In my Master's I had a tutor from Indonesia. For me he was like the best teacher ever and I felt he made everything crystal clear and helped me really understand some hairy concepts. Then I spoke to a British friend who complained she couldn't understand a word he was saying and she hated every minute of his class.

Sometimes I think native and non-native speakers of English really speak two different languages.


It doesn’t look wrong or stupid.


Setting aside the question of utility (ease of use issues),

English spelling is also a "side channel" which persists information about the word which is lost (recoverable only via lookup) when spelling is normalized.

With things as they are, the etymology of words is often visible in their spelling; this has practical implications such as imparting shades of meaning through allusion, which are one reason English has retained lots of near-synonyms, but not discarded them. This means it allows for a particular kind of nuance.
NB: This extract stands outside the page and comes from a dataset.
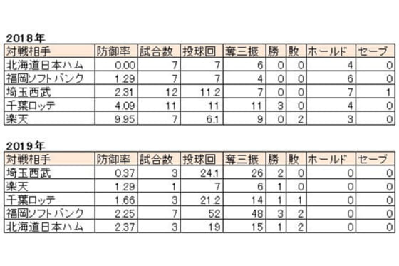 リリーフだった2018年は防御率9.95と楽天を極端に苦手とし、ロッテに対しても防御率4.09とやや苦戦していた。だが、2019年は両チームとの防御率は1点台と大きく改善している。また、2019年にはリーグ最高の得点力を誇る西武を防御率0.37と完璧に抑え込んでいる。5球団で最も防御率が悪かった日本ハムでも2.37という高水準で、どの球団に対しても安定した成績を残しているのも特徴的だ。

As a native speaker of English I find the relative paucity of vocabulary confounding (or comical); it is now expected in my (bilingual) household that when where English draws distinctions, Spanish reuses. My German-speaking father in law is always entertaining us with cases where German constructs words through liberal compounding, where English doesn't.

Which is just to say, problems aside, English's maddening spelling almost always encodes useful information. For some uses. (Not tech docs, but more than poetry.)

Interesting footnote to this: English has many "backformations," cases where the spelling of some words has conformed over time to that of similar words from other languages, even when they etymologically unrelated. My favorite example of this is "strawberry" in which the "berry" is a backformation.


Another footnote: English vocabulary and etymology also encode history beyond provenance.

The words in English for meat and its sources are the go-to example.

The words for the animals, are from Anglo-Saxon. The words for the meat as you eat it, are from French.

Because England acquired its French from occupation c. 1066; the peasants knew the animals but it was the new French-speaking aristocracy were the ones that ate them.


It shows simultaneously how crazy it currently is, and why it'll never change (at least not on that time scale)!


English is not my native language, yet I didn't realize how peculiar it is until I saw this video below ("What if English Were Phoenetically Consistant"). All these years I thought my native languages were hard to learn for foreigners (French for the spelling, Serbo-Croatian for it's grammar, both of which have seemingly been designed by insane people) and English easy, didn't realize how hard it is prior to said video. I guess it is made easier by the fact it's the go-to Internet and international language so I get more exposure to it than I do to my native ones.